Anastasia terkekeh, lalu menggeleng. "Bukan, ini murni mekanisme tanpa sihir."
"Jika kamu perhatikan, di dalam peluru ini terdapat bubuk smokeless powder, dan bagian ini adalah proyektil yang akan melesat mengenai sasaran," ucap Anastasia sambil menunjuk ujung tajam peluru yang dipegangnya.
"Percikan api dari primer ini akan memicu ledakan di dalam selongsong, lalu tekanan dari ledakan itu mendorong proyektil keluar dengan kecepatan tinggi," lanjutnya dengan penuh keyakinan.
Hans menatap peluru itu dengan takjub. "Jadi begitu cara kerjanya... Benda sekecil ini ternyata sangat menakjubkan—atau justru berbahaya jika mengenai seseorang. Aku benar-benar belum pernah melihat senjata seperti ini sebelumnya. Kau memang luar biasa, Nona."
Anastasia tersenyum bangga. "Bukan aku yang hebat, tapi para alkemis yang menciptakan bubuk smokeless powder ini. Tanpa mereka, senjata ini tidak akan bekerja."
Hans tersenyum tipis. "Tetap saja, Nona luar biasa. Tidak hanya mampu menggunakannya dengan baik, tetapi juga bisa menjelaskannya dengan begitu jelas. Itu benar-benar mengagumkan."
Sesampainya di rumah, rusa hasil buruan segera diolah. Dagingnya dipotong dan dibersihkan, lalu dimasak menjadi steak rusa segar untuk makan malam.

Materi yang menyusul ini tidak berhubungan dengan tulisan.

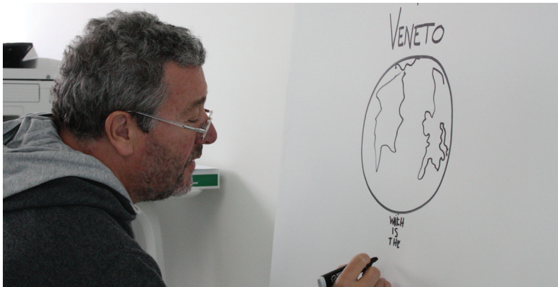
Designer in Magis

maximum overall length of three metres. The table can be extended effortlessly, without needing to lift it, simply by gliding the extending end on the floor thanks to the two wheels, and to a patented sliding and locking mechanism developed especially for Big Will. Thus, this is an elegant, high-profile table, the fruit of several years of research to achieve that “more than” that Magis always seeks, as its very name reveals.

Saat mereka duduk di meja makan, Seraphina mencicipi steak dengan tatapan puas. "Anastasia, kau benar-benar berbakat. Sama sepertiku yang sudah bisa berburu sejak usia enam tahun, dan sekarang kau mengikutinya."
Anastasia menyeringai bangga. "Tentu saja, Ibu. Aku ini putrimu."

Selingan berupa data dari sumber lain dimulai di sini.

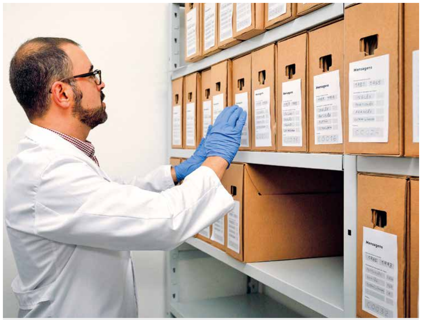
Collected messages are carefully archived by the Oblate Sisters of the Virgin Mary of Fatima

On the fourth thematic visit to the exhibition "Capela-Múndi", the coordinator of the Archives and Library Service of the Department of Studies of the Shrine of Fatima spoke about this "very rich documentary series"
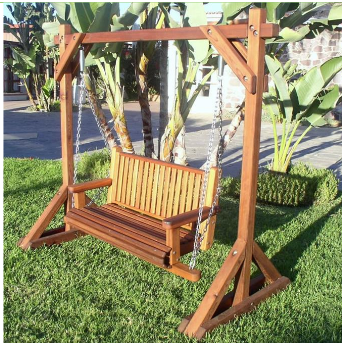
Bench Swing Sets without Roof

Hans yang berdiri di belakang Seraphina ikut tersenyum. "Harus kuakui, nona memang berbakat. Aku belum pernah melihat gadis seusianya dengan kemampuan menembak seperti itu."
Seraphina mengangguk penuh kebanggaan. "Anak ini memang luar biasa. Tapi tetap, jangan lengah. Selalu berhati-hati, ya."
Anastasia mengangguk mantap. "Tentu, Ibu. Aku akan lebih berhati-hati."
Mereka melanjutkan makan malam dengan penuh kehangatan. Meskipun hari itu mereka harus berpisah dengan Heinrich dan keluarganya yang lain, mereka tahu bahwa ikatan mereka tetap kuat. Suatu hari nanti, mereka pasti akan berkumpul kembali.